While the color white has typically stood for women’s rights to vote, speak out, and be heard in the political process, Greta Gerwig’s summer smash movie, Barbie, colorized in its multiple hues of pink, makes one wonder if perhaps pink is perhaps the new white, or white’s newest sister. While I saw this movie with my two twenty something year old daughters in early August, I see as of now, (late October), that it’s still actively playing in many movie theaters. What was it that Gerwig so epically hit on? There was certainly nostalgia for middle-age women like myself, and for the younger generations, but there was something more, it was about the truth of what it’s still like to be a female in the 21st century.
While of course I knew Barbie was about Barbie, and let’s not forget Ken, I was pleasantly surprised at how Barbie grappled with real life feminist issues that we as a culture still regularly confront today, such as access to equal jobs, pay, and treatment as our male counterparts. Since Matel first released the Barbie doll on March 9, 1959, she has come a long way both in having more realistic body proportions and updated professional aspirations. Young girls can learn that they too can be anything from an astronaut to a vetenarian to the president of our nation. Over the years, more racially diverse Barbie dolls have become easily available, as have Barbie dolls with disabilities.

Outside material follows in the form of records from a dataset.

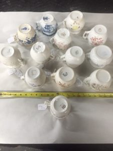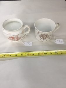 Decorative ironstone cups to fill your shelf’s and cabinets. These vintage mugs will make a perfect addition if you love Victorian, Shabby chic, and cottage style. Most are decorated with transfer ware patterns of flowers and swags. The majority are marked on the bottom with various makers from England and U.S., circa 1870-1890’s. They all have some wear to be expected for use and age. These cups range in price between $15.00 and $25.00.
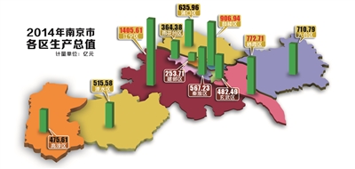记者注意到,2014年南京分区地区生产总值,最高的是江宁区为1405.61亿元,而第二位的是鼓楼区为906.94亿元,栖霞区、六合区紧随其后,而倒数第二位的则是雨花台区为364.38亿元,建邺区排名最后为253.71亿元。
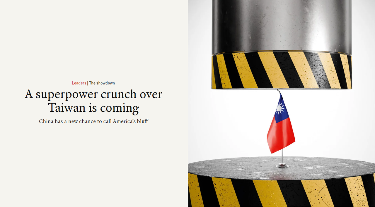《經濟學人》最新封面文章引發熱議,文章示警一場關於台灣的超級大國對決,可能比想像中更快到來。中美關係陷入深度對抗,雙方互相加徵高達100%以上的關稅,科技競賽愈演愈烈,軍事集結頻繁升高。文章認為,台灣極可能成為考驗美國戰略決心的「引爆點」。
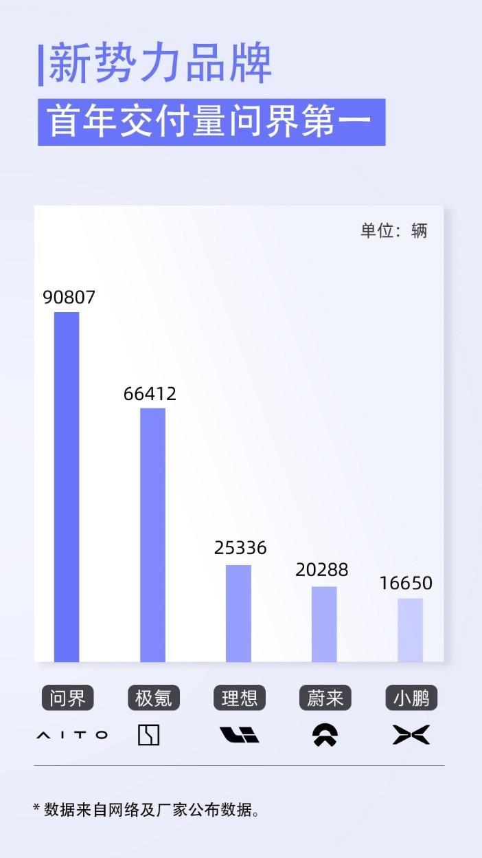 对于一个全新品牌来说,首年的销量表现至关重要,既代表产品突破市场的实力,又展示出用户对于品牌的认可度。在华为深度赋能下,自首款车型问界M5交付开始,问界一年推三款新车,交付超9万辆,远超“蔚小理”及极氪等新势力品牌同时期的销量,为品牌长期发展打下了良好的基础。

The problem, as Gerwig so poignantly highlights, is not so much an issue with Barbie, as it is with our larger culture that continues to regularly set up many obstacles for half the population—the female half. When Barbie becomes human in the movie, she quickly learns that she cannot run around in her cool, sexy magenta cowboy outfit with tons of dangling fringe in public without receiving unwanted and unnerving looks and cat calls from men. She also learns that women do not have the same access to all jobs as men, from the male sanitation workers who whistle at her to the men’s only club at Matel where we see solely men at the board meetings. We might also wonder what happens to all those women who go on to have babies and can’t afford dependable childcare, thus leaving them with fewer good financial options to say the least.
While girls can dream, many women must deal with some harsh realities of being adult females. Some may have better educational and employment options, but all face some form of inequality or even discrimination at some point in their lives, despite the many laws now on the books attempting to prevent just that.
Huge congratulations to Gerwig for getting out this pivotal message of outrage over real gender inequities through such a fun, campy movie.